→ **Exercise goal**: Below are entries with pictures in them. Output exactly the lines starting at the line with "Reste tout de" and ending at the line with "MENU DU 05/01/2026 AU 30/01/2026 !!!", both included, but not the pictures.

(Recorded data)
- Opening Delimiter -

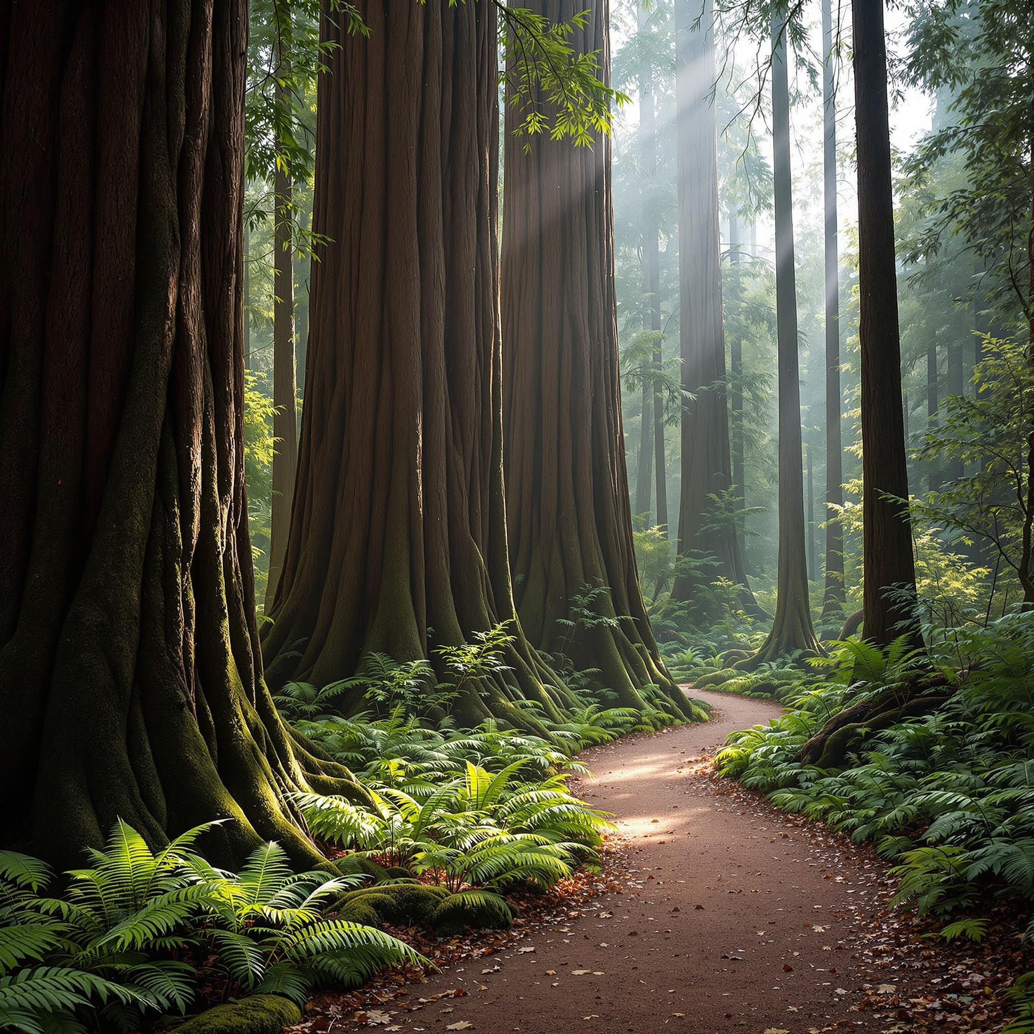 🌲 Step into the peaceful silence of an ancient redwood forest, where towering giants have stood for centuries, holding space for your deepest rest. Follow winding earthen paths beneath a cathedral of emerald canopy, where filtered sunlight dances through the mist and time seems to slow to nature's gentle rhythm. 🌿
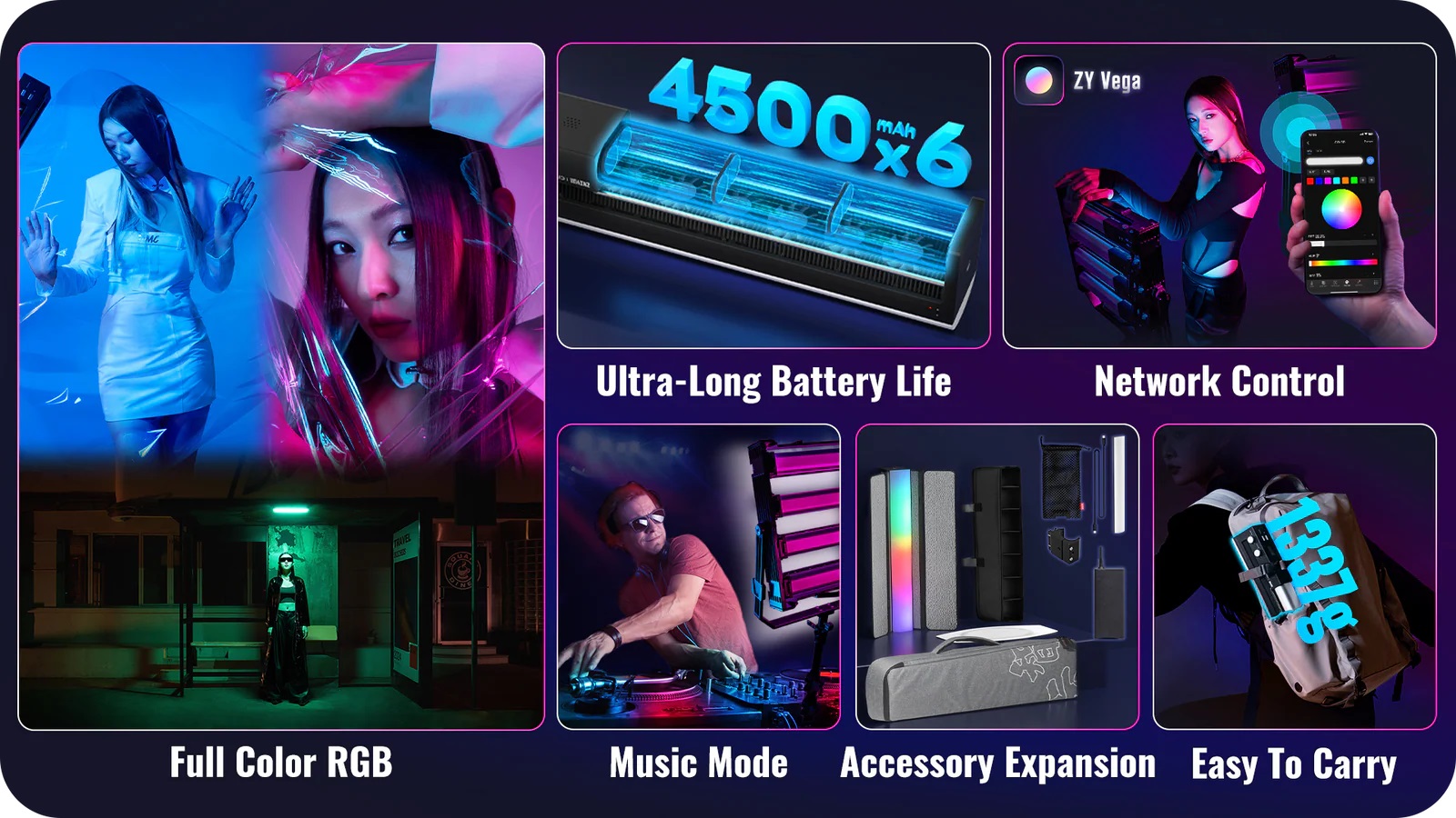 • Kontrola: Podržava ZY Vega aplikaciju putem Bluetooth Mesh mreže, što omogućava daljinsko podešavanje, usklađivanje boja sa slikama kamere i grupnu kontrolu
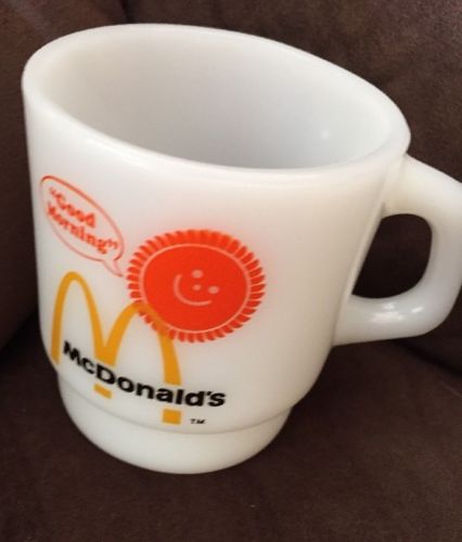 MCDONALD's GOOD MORNING CUP FIRE KING Coffee Cup Mug Milk Glass ANCHOR HOCKING
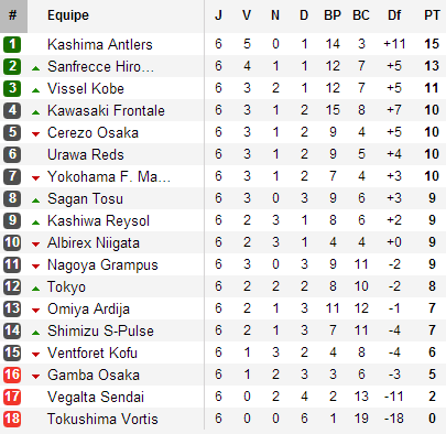 Reste tout de même une bonne surprise en ce début de J-league : le Visse Kobe. Emmené par la machine à but Marquinhos, auteur de son 3e but en six matchs, le Visse punit Omiya et reste solide troisième à quatre point du leader chez qui il se rendra dans 2 semaines après avoir reçu la lanterne rouge Tokushima.
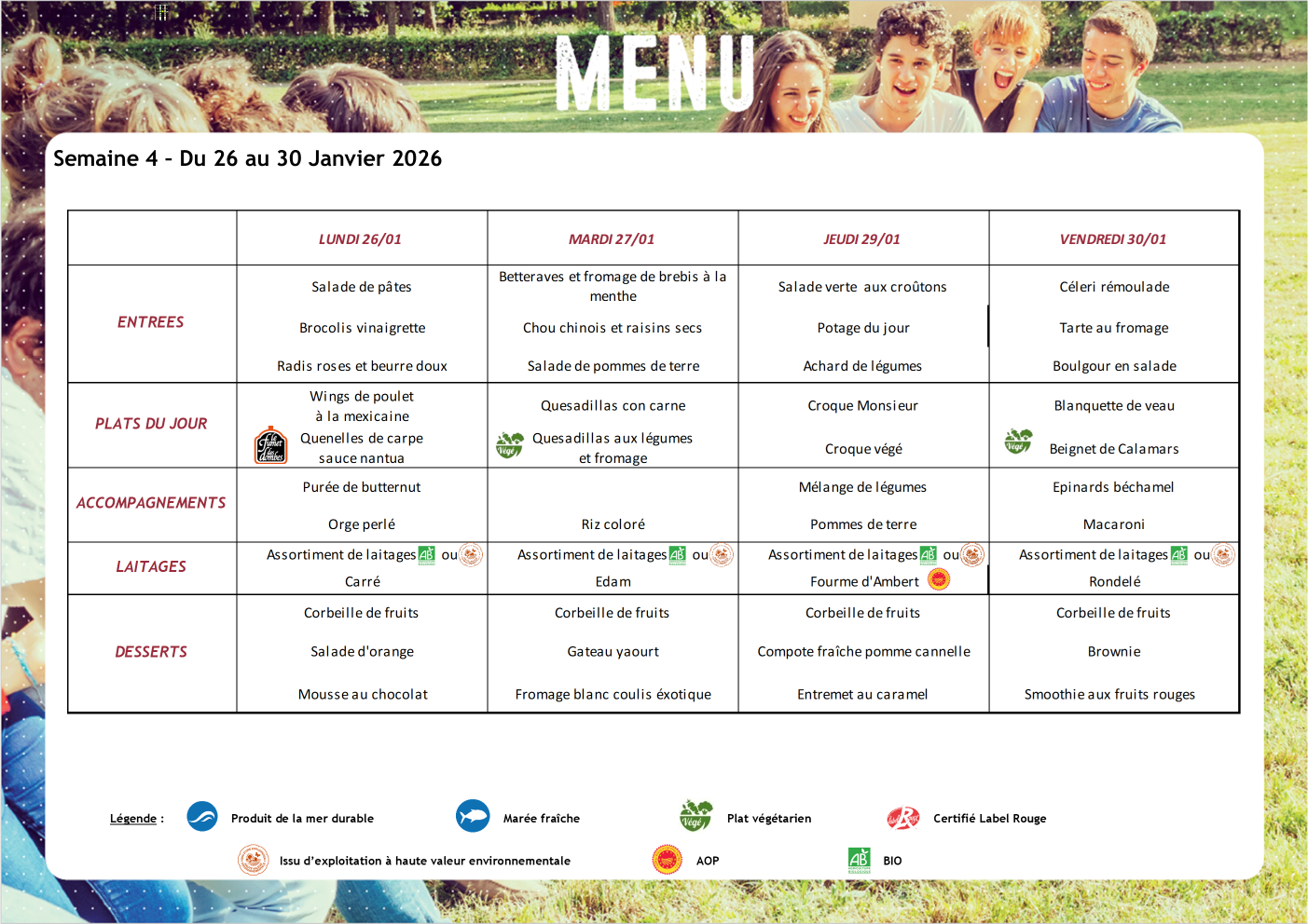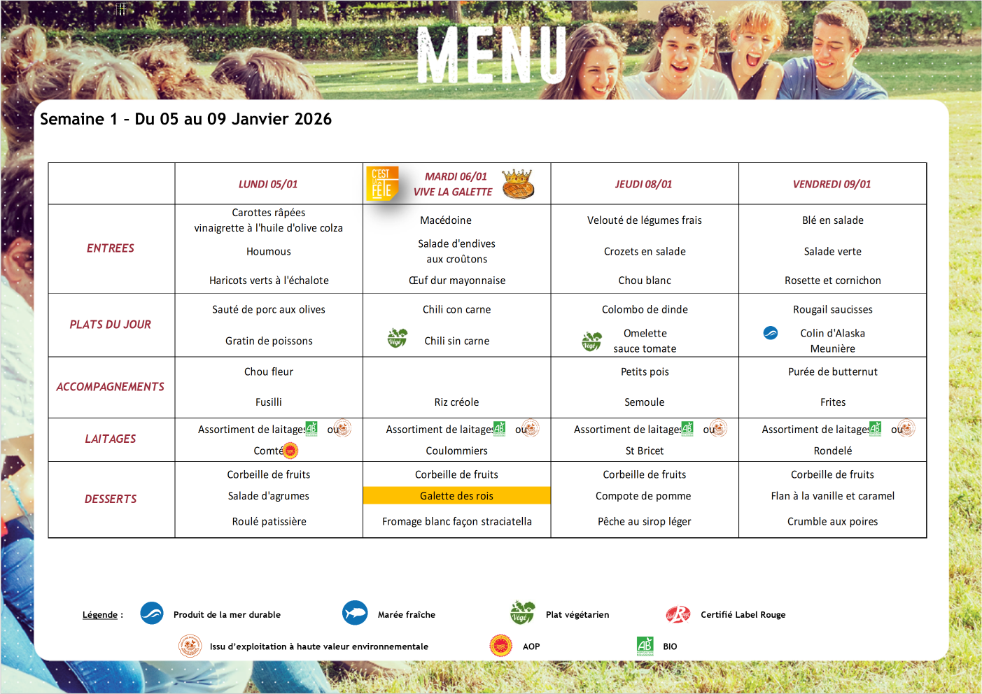 MENU DU 05/01/2026 AU 30/01/2026 !!!
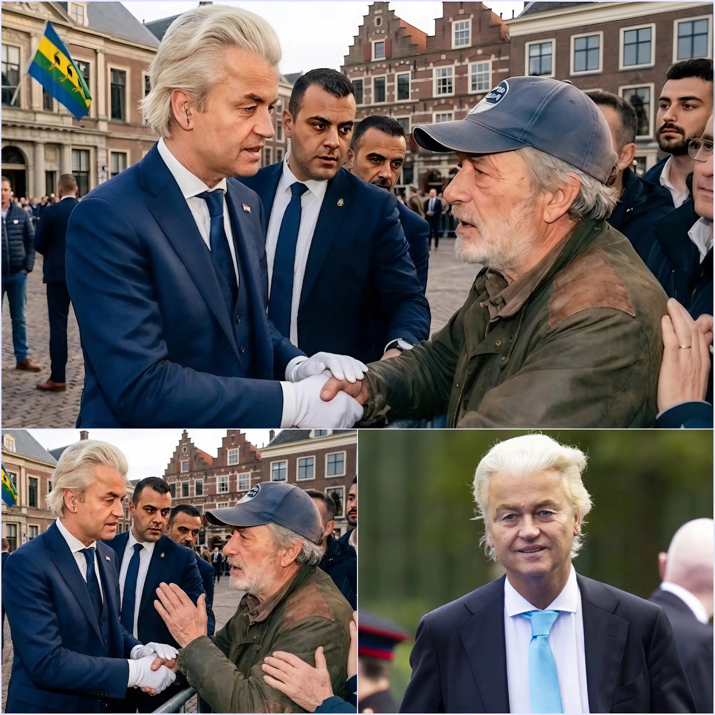 De man kreeg de ruimte om dichterbij te komen. Zijn stappen waren voorzichtig, bijna onzeker, alsof hij zelf niet had verwacht zo ver te komen. Toen hij eindelijk binnen gehoorafstand van Wilders stond, leek de tijd even stil te staan. Alle ogen waren op hen gericht.
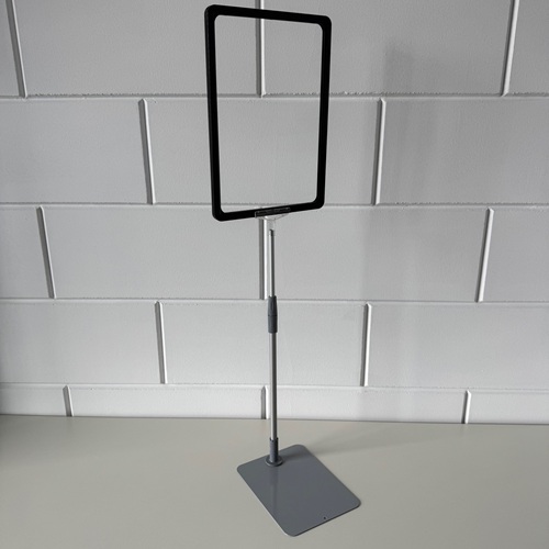Standaard A4 zwart raam met transparant T-stuk, verstelbare aluminium buis en metalen grijze voetplaat. Verstelbaar/ uitschuifbaar van 32 tot 58 cm. Dit is voor ons een samengesteld artikelnummer uit 4 andere artikelnummers. Bij >Gerelateerde artikelen< kunt u de huidige voorraad zien. Samengesteld uit artikelen: 120104.. 12017594 12017595 12017602 Verkoopprijs totaal € 11,77 excl.btw.
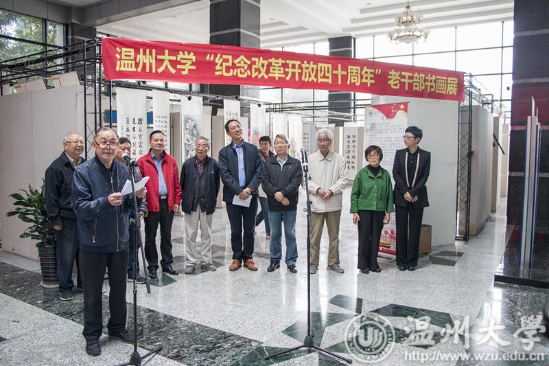 11月15日上午,由校党委宣传部、老干部工作部、图书馆联合主办,老干部书画院承办的纪念改革开放四十周年书画展在图书馆一楼开展。
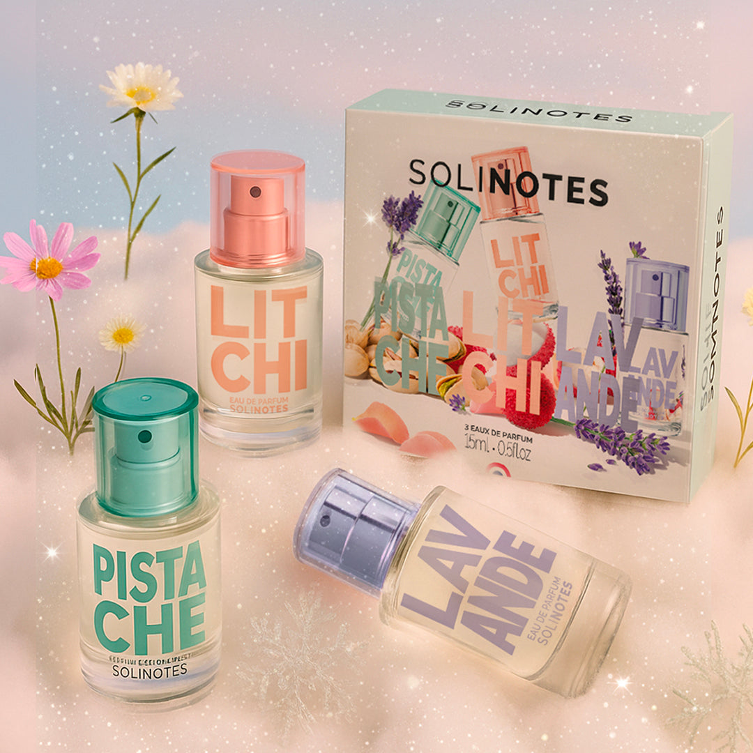 Ce coffret Feel Good contient 3 mini Eaux De Parfum Solinotes : des fragrances délicates et enivrantes à emporter partout !
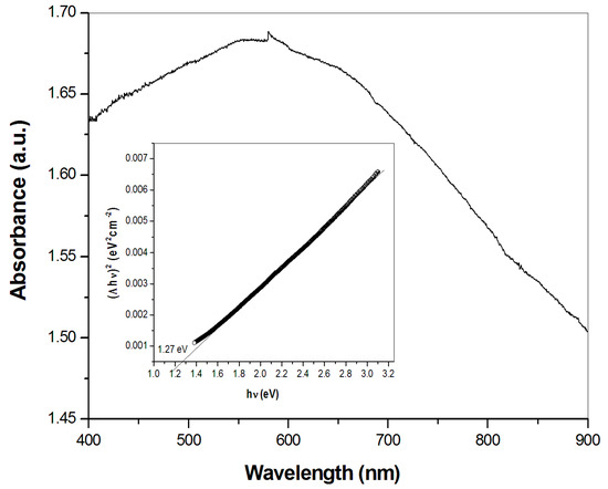 The optical properties of the synthesized CFTS nanocrystals were investigated using UV–Vis absorption spectroscopy. Figure 5 shows the obtained spectrum with a broad absorption in the visible range of wavelength. The optical band gap energy of the CFTS sample was determined by plotting (αhν)2 as a function of the photon energy (hν) and extrapolating the linear portion of the spectrum in the band edge region, as it is displayed in the inset of Figure 5. The band gap energy was calculated by a procedure described in paper [30]. The obtained value 1.27 eV is acceptable for absorbers in solar cells [34,35].

- Closing Delimiter -

→ **Written answer**:
 Reste tout de même une bonne surprise en ce début de J-league : le Visse Kobe. Emmené par la machine à but Marquinhos, auteur de son 3e but en six matchs, le Visse punit Omiya et reste solide troisième à quatre point du leader chez qui il se rendra dans 2 semaines après avoir reçu la lanterne rouge Tokushima.
 MENU DU 05/01/2026 AU 30/01/2026 !!!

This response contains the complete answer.